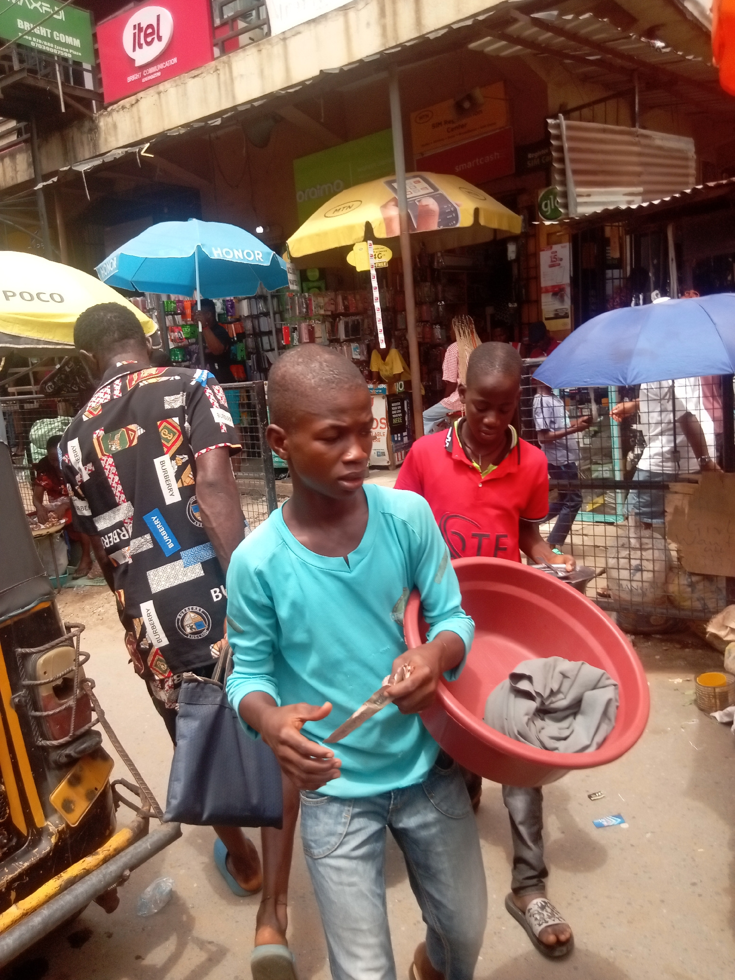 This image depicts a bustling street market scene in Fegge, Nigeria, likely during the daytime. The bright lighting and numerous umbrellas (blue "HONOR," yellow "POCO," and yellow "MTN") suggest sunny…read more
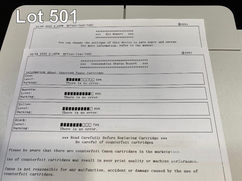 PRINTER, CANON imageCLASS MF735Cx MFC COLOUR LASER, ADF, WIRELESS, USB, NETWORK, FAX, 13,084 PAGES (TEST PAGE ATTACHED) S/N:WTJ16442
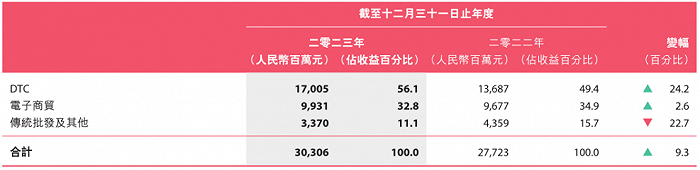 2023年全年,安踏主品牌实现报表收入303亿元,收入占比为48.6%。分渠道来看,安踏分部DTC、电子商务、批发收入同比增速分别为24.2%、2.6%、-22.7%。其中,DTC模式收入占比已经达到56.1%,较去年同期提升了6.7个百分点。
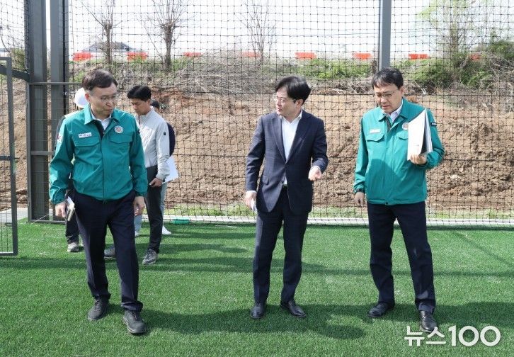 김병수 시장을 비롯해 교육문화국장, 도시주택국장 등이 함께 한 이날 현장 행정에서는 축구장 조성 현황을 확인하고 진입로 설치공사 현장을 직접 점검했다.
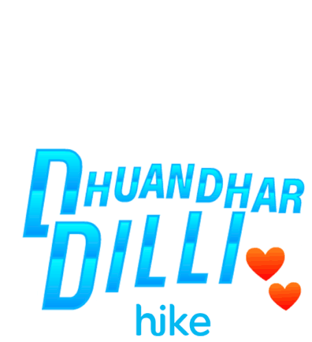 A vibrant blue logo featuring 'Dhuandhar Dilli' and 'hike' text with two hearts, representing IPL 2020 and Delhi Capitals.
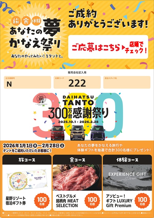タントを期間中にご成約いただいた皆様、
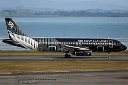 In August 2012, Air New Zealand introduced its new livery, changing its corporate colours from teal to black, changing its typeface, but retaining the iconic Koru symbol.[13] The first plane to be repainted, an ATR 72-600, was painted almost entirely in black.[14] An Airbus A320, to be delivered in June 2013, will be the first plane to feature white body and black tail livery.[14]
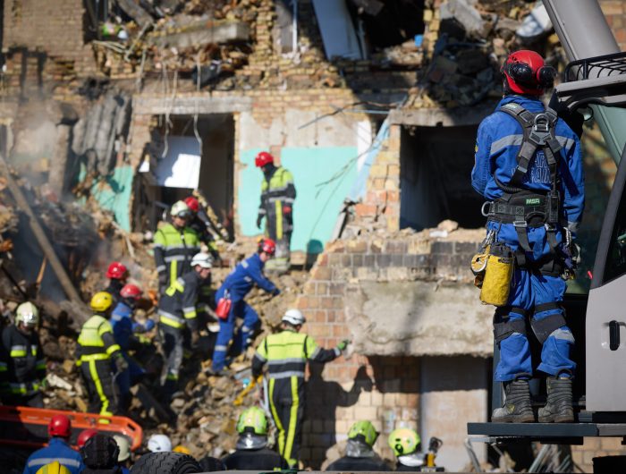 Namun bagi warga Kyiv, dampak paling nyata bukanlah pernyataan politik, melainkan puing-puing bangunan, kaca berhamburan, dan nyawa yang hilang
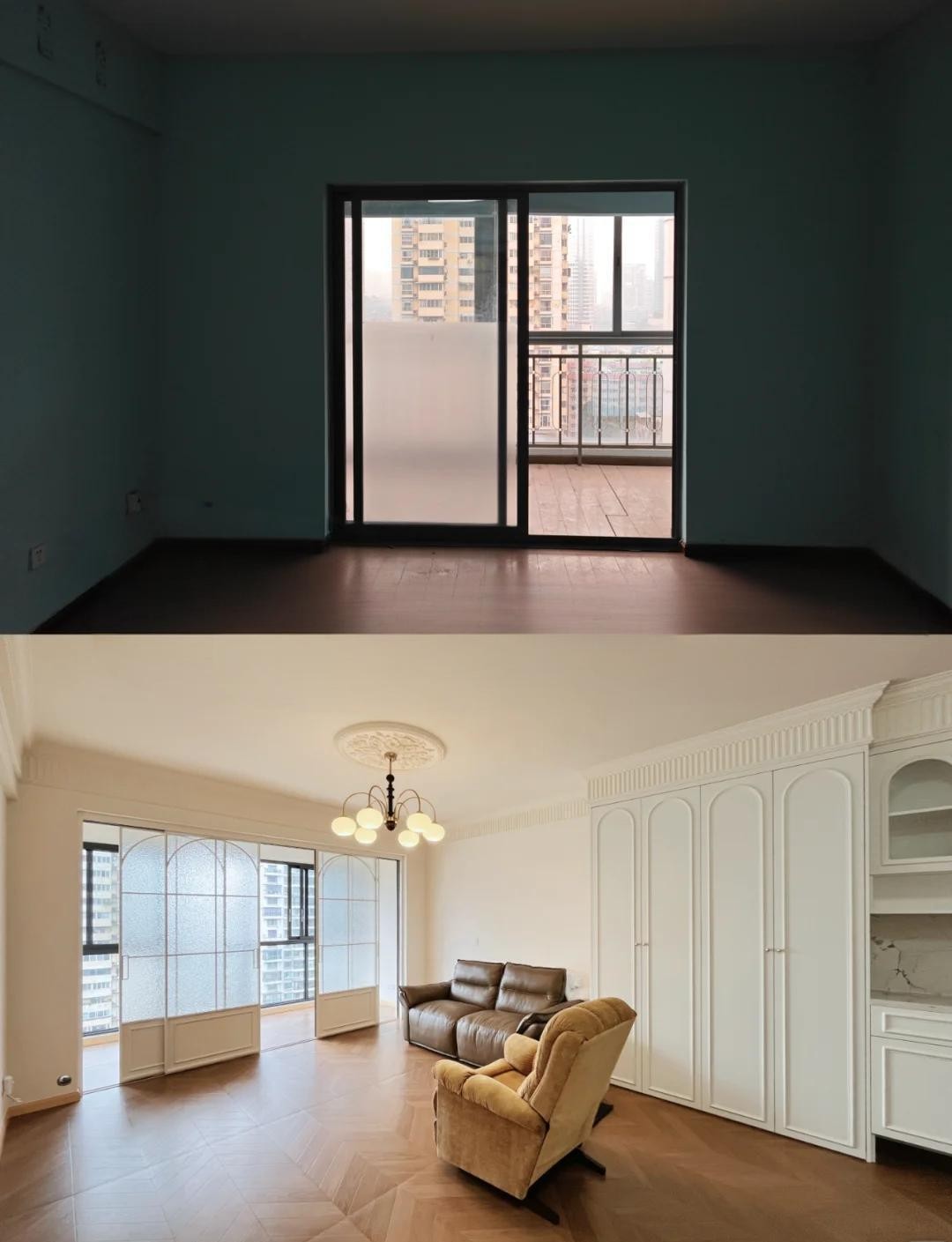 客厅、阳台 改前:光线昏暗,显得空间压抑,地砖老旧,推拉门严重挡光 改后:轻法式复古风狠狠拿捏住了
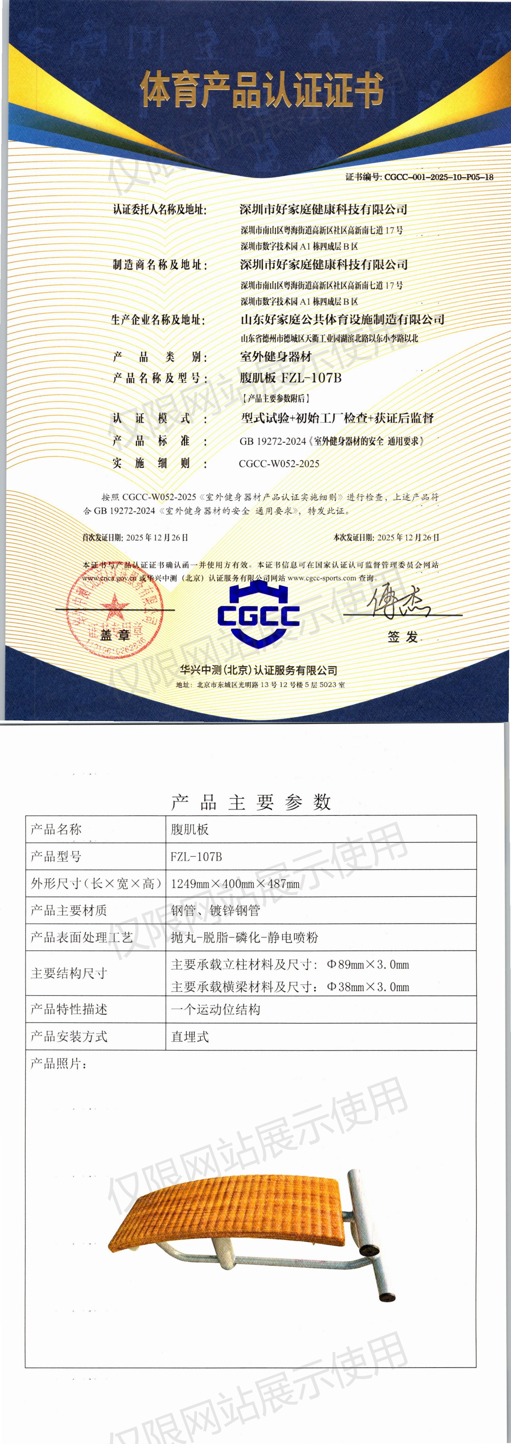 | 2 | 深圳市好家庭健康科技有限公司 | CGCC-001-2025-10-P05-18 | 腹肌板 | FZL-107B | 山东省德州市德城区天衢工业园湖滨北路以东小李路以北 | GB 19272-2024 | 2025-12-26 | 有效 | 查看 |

◇ ◇ ◇ ◇ ◇ ◇ ◇

Assigned task
Give the lines from the one containing "客厅、阳台 改前:光线昏暗,显得空间压抑,地砖老旧,推拉门严重挡光 改后:轻法式复古风狠狠拿捏住了" through the last line of the material again, exactly and with no pictures, both ends included.

Problem solution
 客厅、阳台 改前:光线昏暗,显得空间压抑,地砖老旧,推拉门严重挡光 改后:轻法式复古风狠狠拿捏住了
 | 2 | 深圳市好家庭健康科技有限公司 | CGCC-001-2025-10-P05-18 | 腹肌板 | FZL-107B | 山东省德州市德城区天衢工业园湖滨北路以东小李路以北 | GB 19272-2024 | 2025-12-26 | 有效 | 查看 |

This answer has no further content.